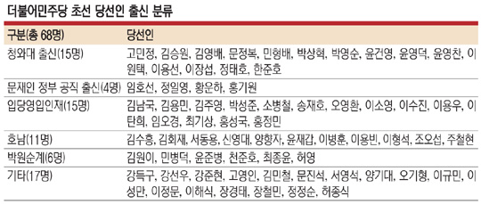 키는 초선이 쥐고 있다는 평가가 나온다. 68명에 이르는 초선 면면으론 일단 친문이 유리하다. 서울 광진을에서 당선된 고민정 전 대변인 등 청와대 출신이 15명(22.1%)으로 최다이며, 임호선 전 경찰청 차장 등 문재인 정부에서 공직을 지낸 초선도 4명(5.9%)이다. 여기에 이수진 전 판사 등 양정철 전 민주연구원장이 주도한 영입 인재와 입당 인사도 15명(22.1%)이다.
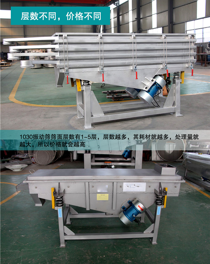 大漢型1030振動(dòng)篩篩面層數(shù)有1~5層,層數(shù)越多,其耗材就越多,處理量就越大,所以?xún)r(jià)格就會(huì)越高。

▬▬▬

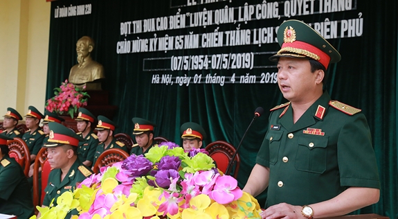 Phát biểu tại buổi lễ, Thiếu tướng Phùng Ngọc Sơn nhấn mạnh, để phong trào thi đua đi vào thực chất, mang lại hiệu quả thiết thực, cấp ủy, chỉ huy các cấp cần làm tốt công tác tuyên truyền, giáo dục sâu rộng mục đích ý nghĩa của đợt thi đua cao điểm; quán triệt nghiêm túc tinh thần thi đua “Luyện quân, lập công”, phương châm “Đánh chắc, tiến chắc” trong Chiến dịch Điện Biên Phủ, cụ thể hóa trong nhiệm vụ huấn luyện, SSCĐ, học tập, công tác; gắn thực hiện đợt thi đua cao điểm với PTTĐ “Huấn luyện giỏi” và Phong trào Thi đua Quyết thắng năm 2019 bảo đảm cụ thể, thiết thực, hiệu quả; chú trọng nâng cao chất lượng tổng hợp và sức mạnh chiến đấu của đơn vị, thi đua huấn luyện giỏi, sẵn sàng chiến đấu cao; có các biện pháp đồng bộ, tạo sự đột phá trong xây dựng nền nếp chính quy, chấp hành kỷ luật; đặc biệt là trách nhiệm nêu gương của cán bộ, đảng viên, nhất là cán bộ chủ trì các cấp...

▬▬▬

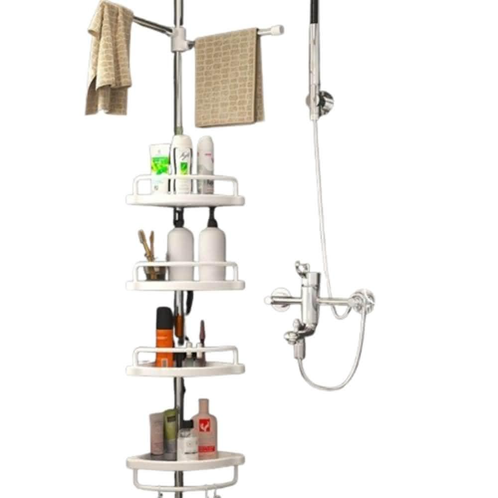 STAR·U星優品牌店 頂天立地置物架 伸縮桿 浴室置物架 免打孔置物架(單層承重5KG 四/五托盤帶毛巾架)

▬▬▬

**WORK ITEM:** Above are the records; copy from them only the lines starting at the one containing "키는 초선이 쥐고 있다는" and ending at the one containing "大漢型1030振動(dòng", exactly and without pictures.

**ANSWER BELOW:**
 키는 초선이 쥐고 있다는 평가가 나온다. 68명에 이르는 초선 면면으론 일단 친문이 유리하다. 서울 광진을에서 당선된 고민정 전 대변인 등 청와대 출신이 15명(22.1%)으로 최다이며, 임호선 전 경찰청 차장 등 문재인 정부에서 공직을 지낸 초선도 4명(5.9%)이다. 여기에 이수진 전 판사 등 양정철 전 민주연구원장이 주도한 영입 인재와 입당 인사도 15명(22.1%)이다.
 大漢型1030振動(dòng)篩篩面層數(shù)有1~5層,層數(shù)越多,其耗材就越多,處理量就越大,所以?xún)r(jià)格就會(huì)越高。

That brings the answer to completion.